В «итеэровской» верховодили два инженера. Один — строитель аэродромов на Камчатке с женой — главбухом и большим, притом неуклонно возрастающим в числе потомством; другой — из Праги, неизвестной специальности с женой тоже неизвестной профессии, без потомства, но зато с долларами. Эти доллары служили неиссякаемой темой для дискуссий женской части населения и одновременно барометром уровня семейного счастья инженерской четы.

— Смотрите, смотрите… инженерша-то опять темное платье надела…

— Обязательно сейчас на кладбище побежит!

— Значит, крепко нынче ночью поругались, а мы и не слышали…

Дело разъяснялось так: при высшем уровне семейного счастья доллары лежали в кармане супруга, при понижении его — переходили в сумочку супруги, а при катастрофическом падении — инженерша закапывала их на соседнем кладбище. Примирившись, снова отрывала, а так как климат любви изменчив, то доллары циркулировали со скоростью не меньшей, чем их братья на бирже Чикаго.

Инженер с Камчатки быстро пристроился при Международном Красном Кресте. Его коллега из Праги — при каком-то совещании формировавшем эмигрантскую группу в одну из южно-американских республик.

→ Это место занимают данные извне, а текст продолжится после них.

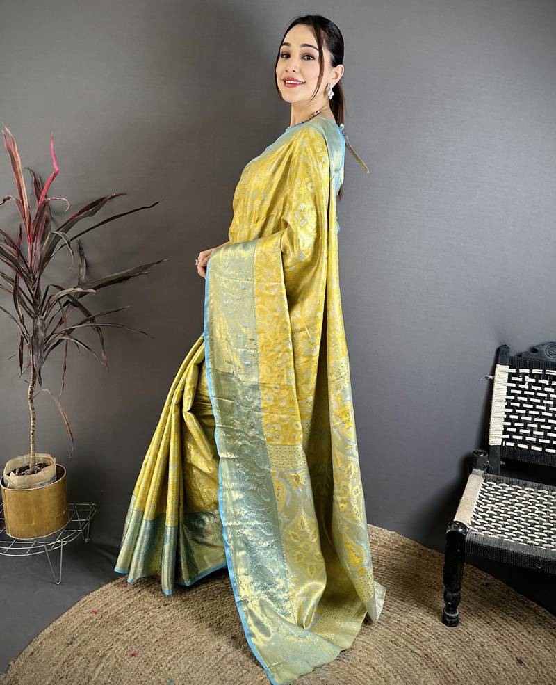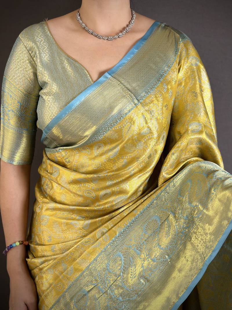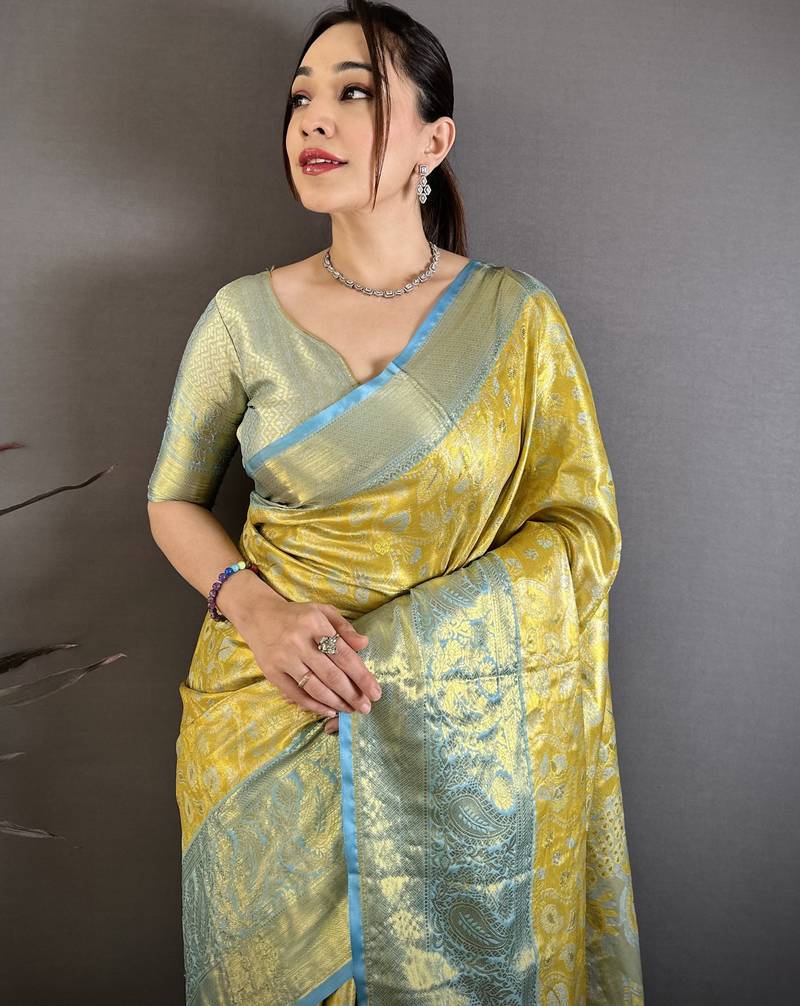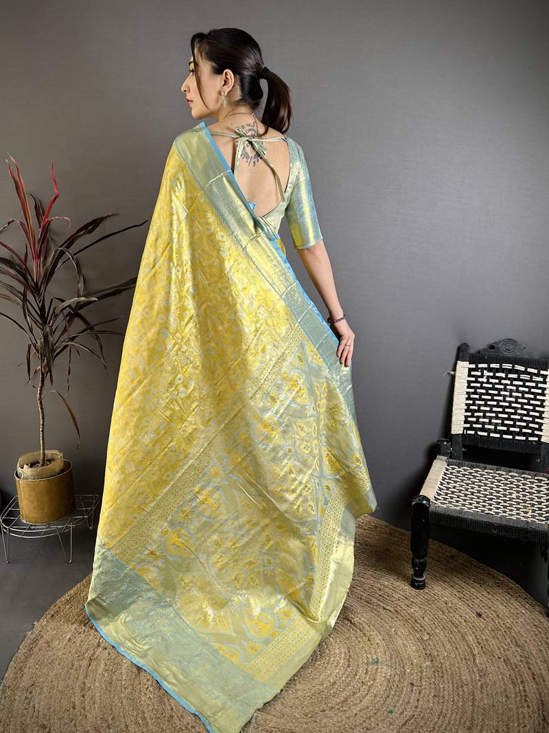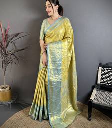 Yellow, blue floral, paisely, zari woven kanjivaram semi silk saree with blouse

Обе профессии были неплохими, хотя и не оплачивались в бюджетном порядке. Они были «мозгами», но сердцем итеэровского коллектива была прехорошенькая Люся с ее поистине замечательным годовалым сыном. Если инженеры смогли лишь поверхностно изменить свои специальности, приспособив их к эпохе, то этот вундеркинд, не сделав еще ни одного самостоятельного шага на нашей планете, сумел пять раз изменить свое имя и национальность. При рождении в Вене он был зачислен с соответственным именем в нацию фольксдойчей, в силу связей своего первоначального, отца. Но этот отец был перемещен капризом судьбы на восток, даже на Дальний. Сын же, перемещаясь к Югу, стал сначала итальянцем и обрел имя Джеронимо. Встретясь на пути с эшелонами армии генерала Андерса, он полонизировался под звучным именем Ромуальда. В Риме, в униатском комитете помощи единоверцам выяснилось, что он, собственно говоря, украинец и носит имя своего славного князя Романа Галицкого, но, принимая во внимание богатство и щедрость еврейского общества Джойнт, он не настаивал на своем арийском происхождении и предпочитал международное имя Джеролик вместе с солидным денежным и продуктовым Пайком УНРРА.